Problem to work on:
The response should consist only of the lines from the one with "猫ちゃんのお顔が並んだファス" to the end of the data below, copied exactly and without pictures.

———

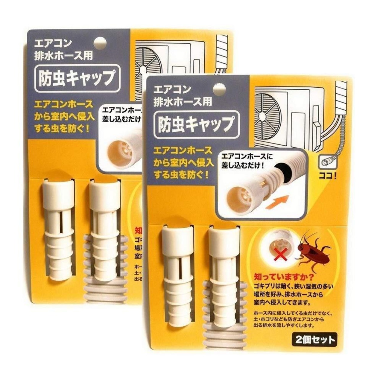 日本製 室内へ侵入する虫を防ぐ防虫 キャップ エアコン 排水ホース用(2個セット Ⅹ 2)
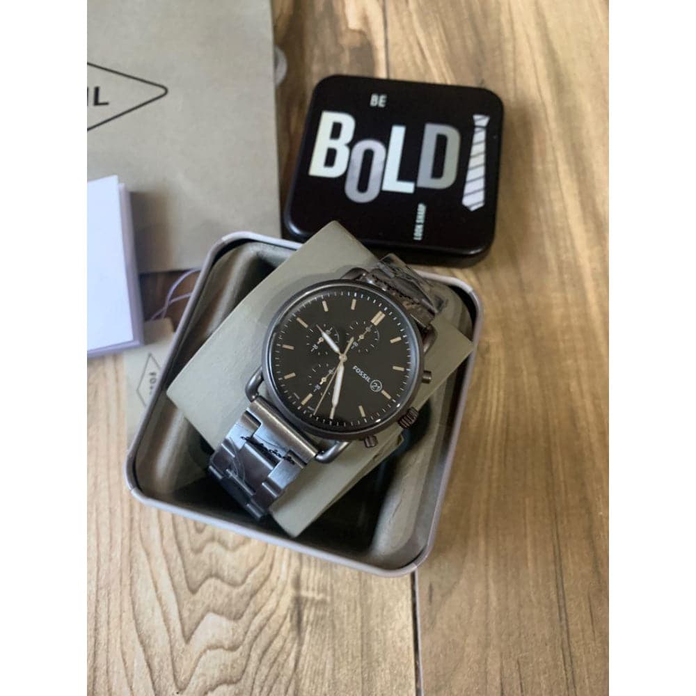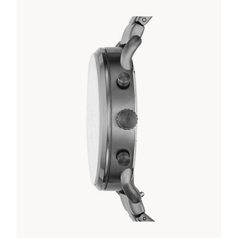 Black PVD stainless steel case with a olive leather strap. Fixed black PVD bezel. Black dial with luminous black hands and Arabic numeral hour markers. Minute markers around the outer rim. Dial Type: Analog. Luminescent hands. Three multi-function displays: 24 hour, date and day of the week. Quartz movement. Scratch resistant mineral crystal. Pull / push crown. Solid case back. Case diameter: 44 mm. Case thickness: 12 mm. Round case shape. Band width: 22 mm. Tang clasp. Water resistant at 100 meters / 330 feet. Functions: date, day, hour, minute, second. Casual watch style. Fossil Aeroflite Multi-Function Black Dial Olive Leather Men's Watch.
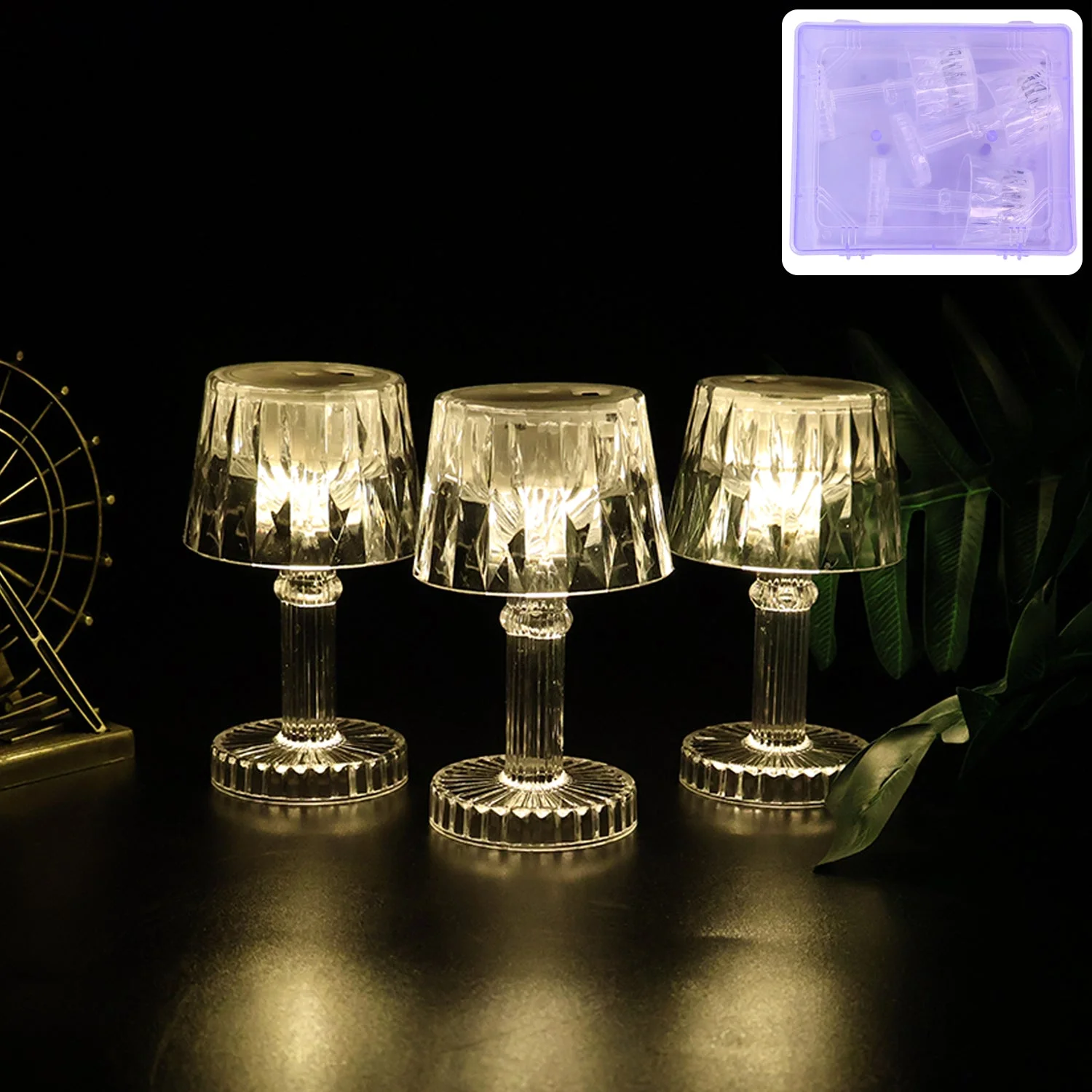 Add elegance and charm to any setting with this 3-piece LED mini table lamp set, designed with a crystal-effect lampshade that beautifully diffuses light. These battery-operated lamps create a warm ambient glow, making them perfect for enhancing table décor during weddings, parties, restaurants, or festive celebrations. Compact yet stylish, they are easy to place and move around without the hassle of wires. Safe, reusable, and eco-friendly, these mini lamps are an excellent alternative to traditional candles and add a luxurious touch to any event.
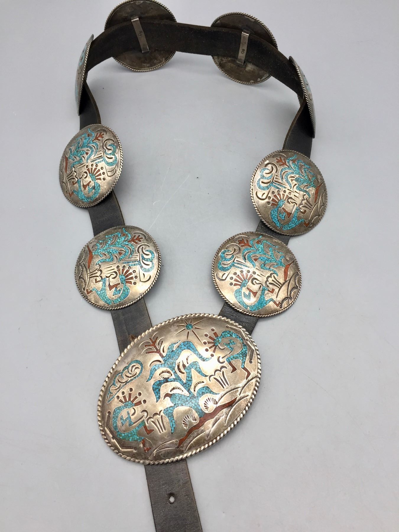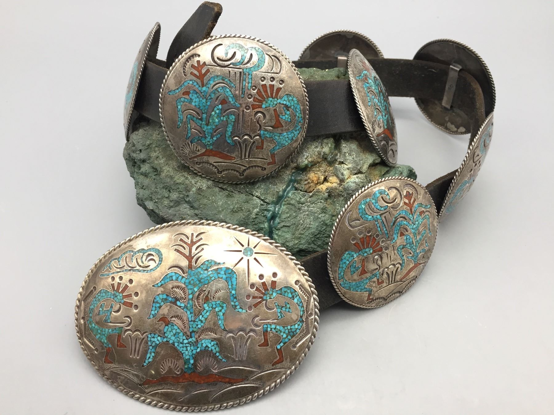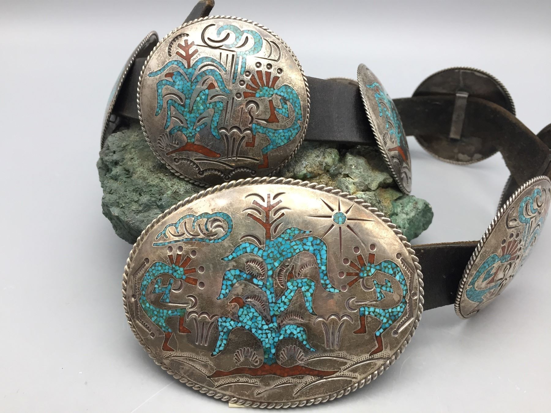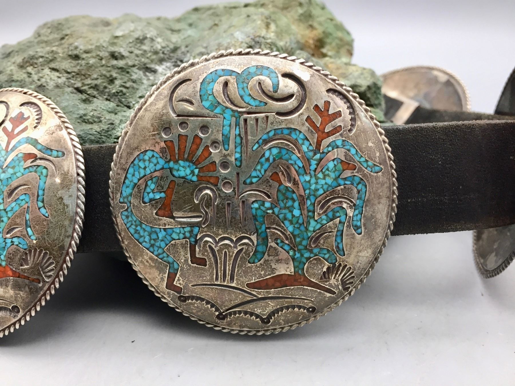 Description: Presented for sale in this lot is a black leather concho belt, featuring turquoise and coral chip inlay on sterling silver conchos. The buckle features coral and turquoise chip inlay, surrounded by a hand crafted rope designs in the sterling silver. Maker: Hallmarked S/D. William Singer, Navajo. Approx. Age: Circa 1970s vintage. Size: Measures 36” (including buckle). Buckle measures 4”w x 2-7/8”t. Conchos measure 2-3/8” round. Weighs 380 grams. Condition: Good for its age, normal wear expected. Please look closely at the pictures - they are an important part of our description. Shipping: There will be a $5 handling / packaging fee for shipping this lot. The actual cost of postage will be added on top of that.
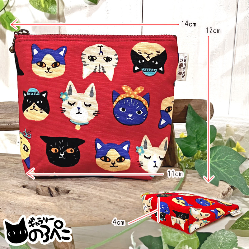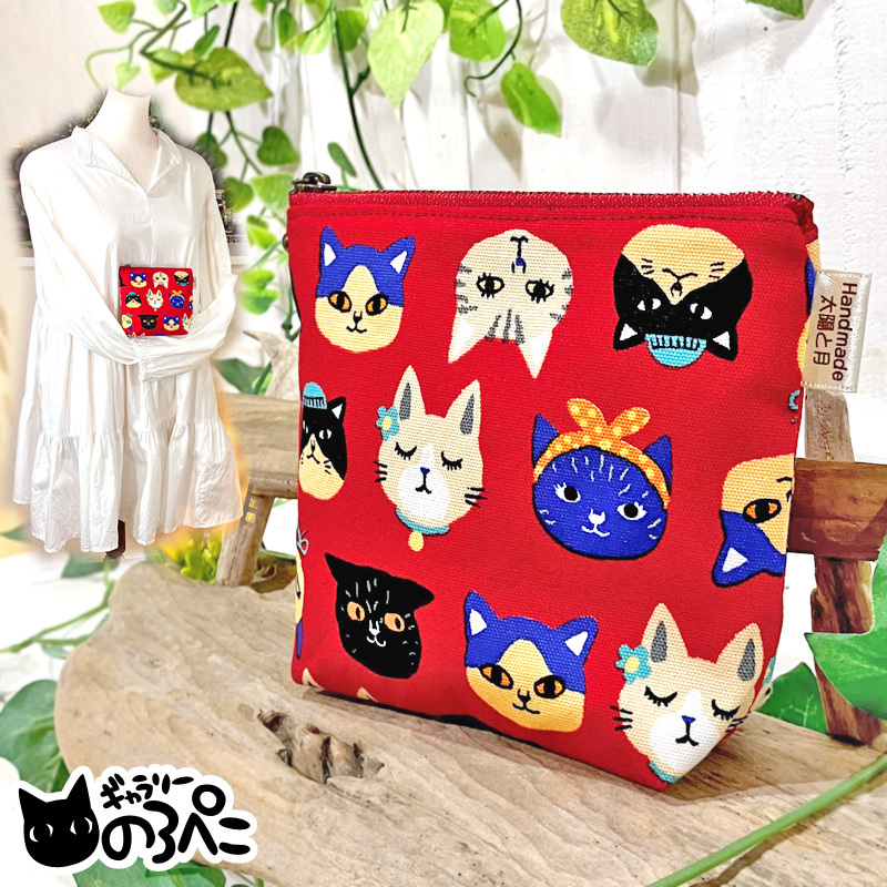 猫ちゃんのお顔が並んだファスナーポーチ(猫柄コットンの深型ポーチ・レッド) bc862-26
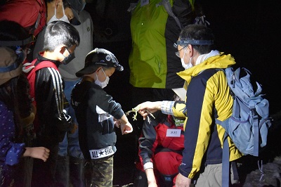 観察会の最後、参加者のみなさんにモリアオガエルの手の吸盤のくっつきぐあいを体験してもらいました。見た目以上に、しっかりと人の肌にくっつくので、みなさん驚いていました。
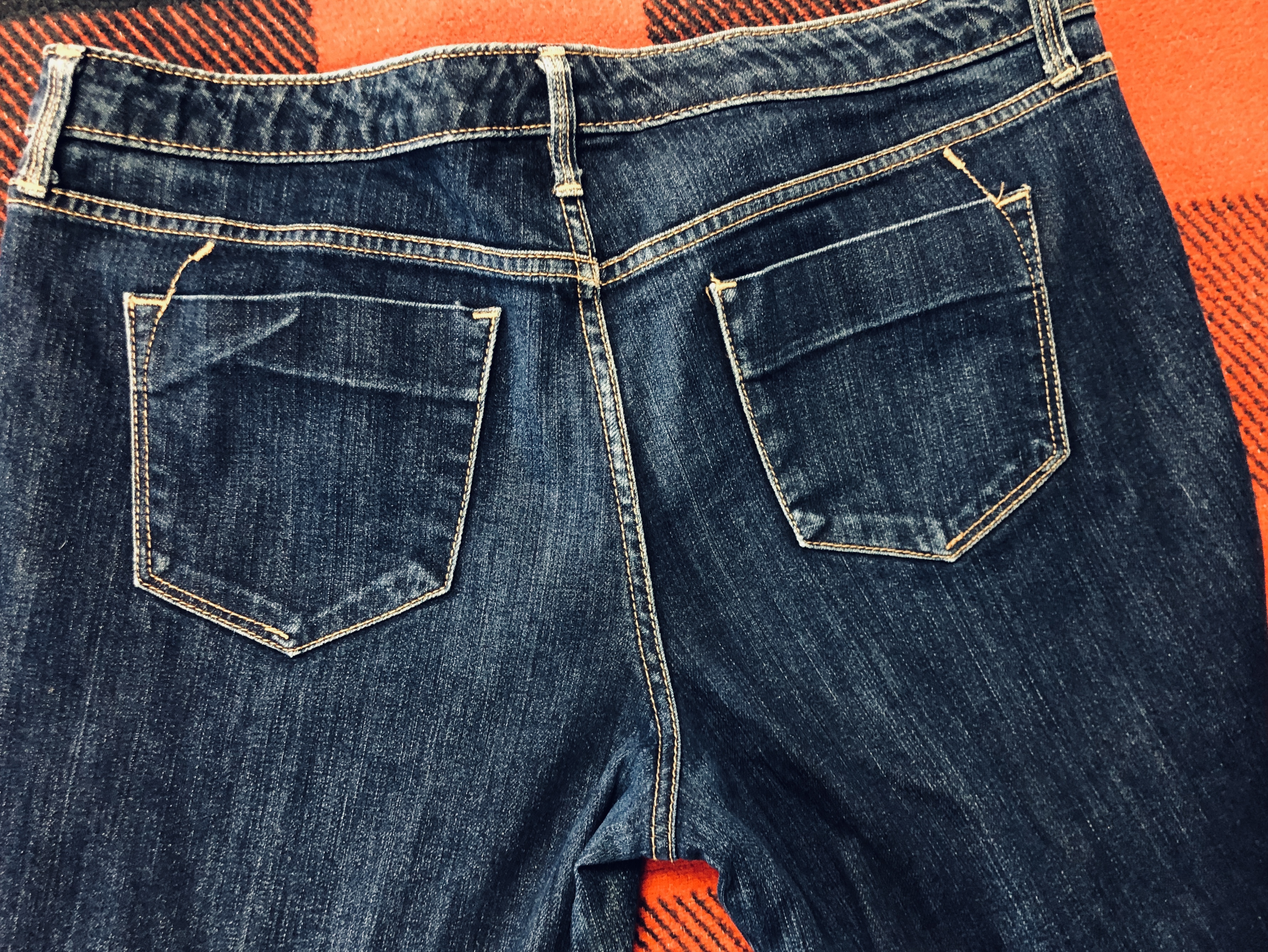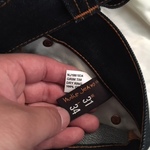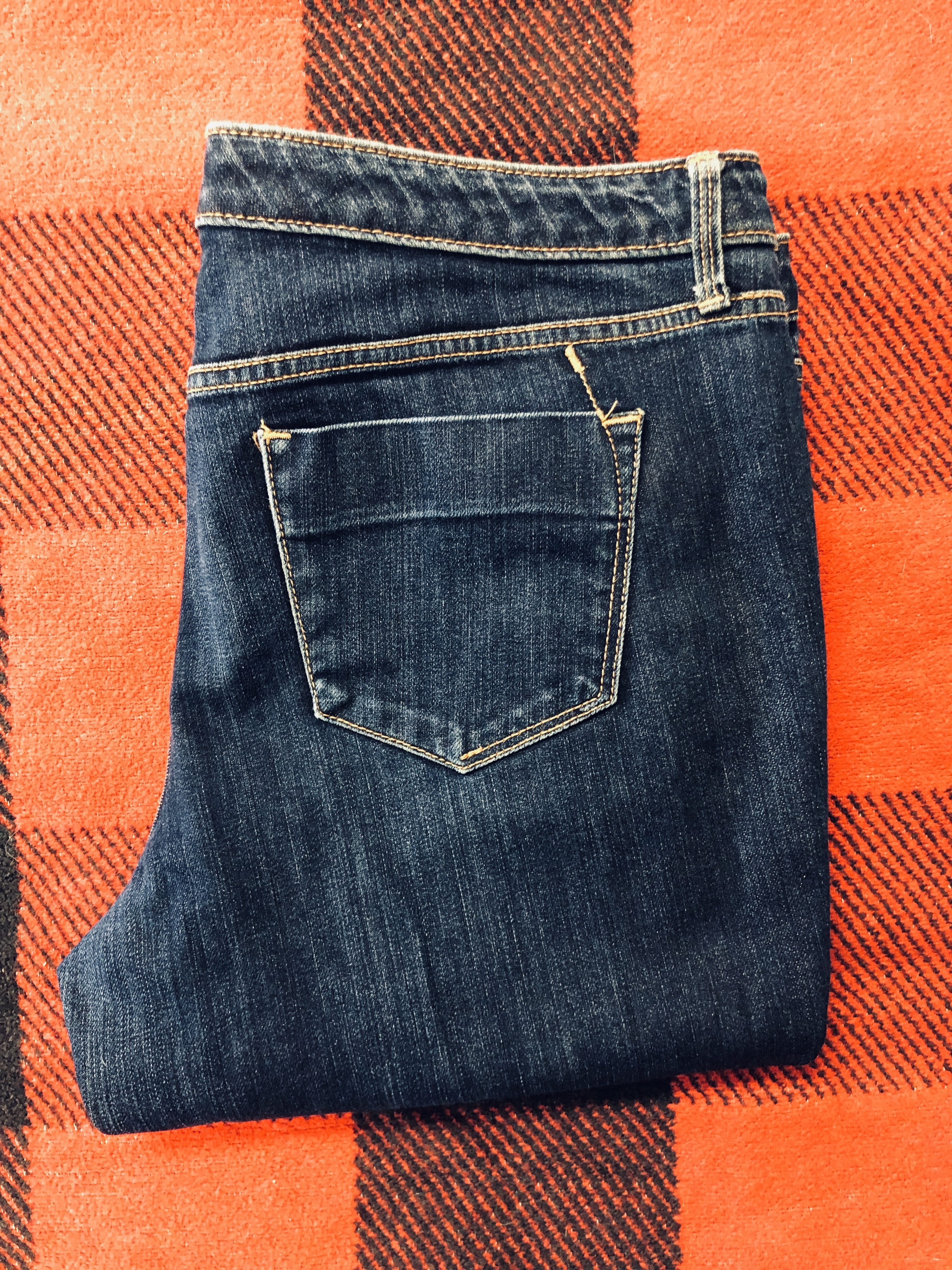 These jeans are a 28 in the waist and are kind of low rise. The only imperfection/flaw is some loose thread by the zipper that isn’t very noticeable when worn.

———

Finished exercise:
 猫ちゃんのお顔が並んだファスナーポーチ(猫柄コットンの深型ポーチ・レッド) bc862-26
 観察会の最後、参加者のみなさんにモリアオガエルの手の吸盤のくっつきぐあいを体験してもらいました。見た目以上に、しっかりと人の肌にくっつくので、みなさん驚いていました。
 These jeans are a 28 in the waist and are kind of low rise. The only imperfection/flaw is some loose thread by the zipper that isn’t very noticeable when worn.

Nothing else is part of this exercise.